Puritan Board Senior
Christmas is the most wonderful time of the year. While not holy, it is helpful. I thank God for the cultural occurrence that enables me to have a very natural segue into the application of spiritual truth to human malaise brought on and accentuated by the cultural push for the “Christmas spirit.”
Of course we light Advent candles - and prior to the call to worship during announcements, and regardless of what naysayers say, that’s a perfectly legitimate practice.
That is an opinion without support. What of elements and circumstances (per the OP)?
 

Grant

Puritan Board Senior
Pastor Ben,

Christmas is the most wonderful time of the year. While not holy, it is helpful.
Are you not making it holy by having a full worship service and adding candle lighting during announcements?
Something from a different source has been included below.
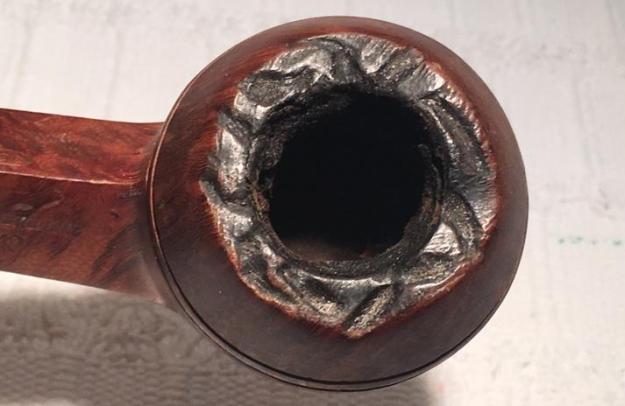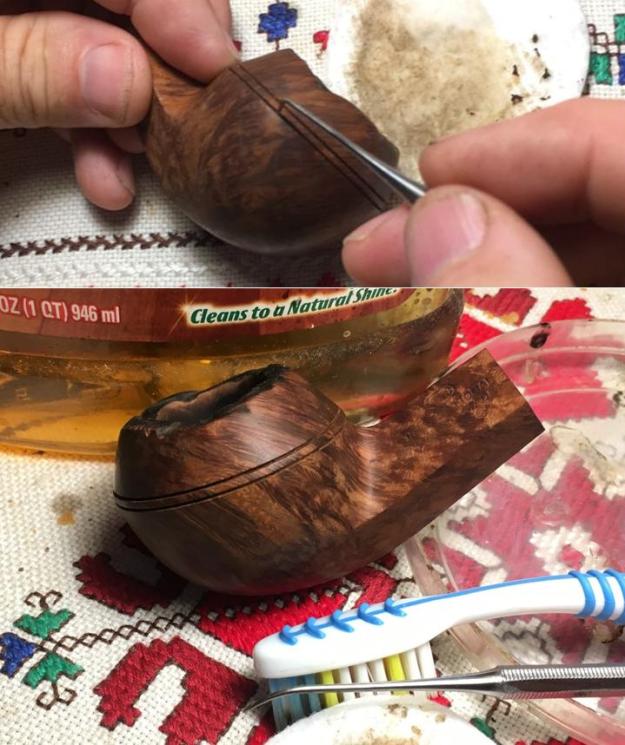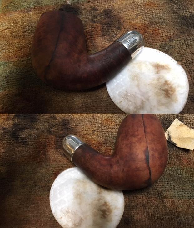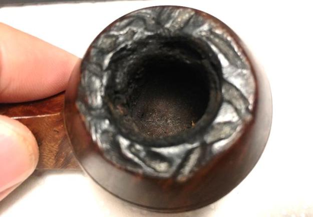 Moving along with the stummel, I use undiluted Murphy’s Oil Soap with a cotton pad to scrub the surface of the briar. To clean the rim, I use a bristled tooth brush with Murphy’s to clean the carved angles and valleys. I then rinse the bowl with cool tap water. The last thing I do is take a sharp dental probe and run it through the twin dome grooves to remove the small debris that had lodged in the grooves. With my wife’s help, I record a picture of this surgery.

Of course we light Advent candles - and prior to the call to worship during announcements, and regardless of what naysayers say, that’s a perfectly legitimate practice.
Would you also be willing to light Incense before the the call? Why or why not?
 

Ed Walsh

Puritan Board Junior
Mr. Coldwell, do you have any advice on relaying how I feel about a special candlelight service to my pastor?

I can tell you what I did. I quoted Chris's original post and sent it to my pastor and elder. Whether they disagree or agree doesn't change the clear logic of the syllogism.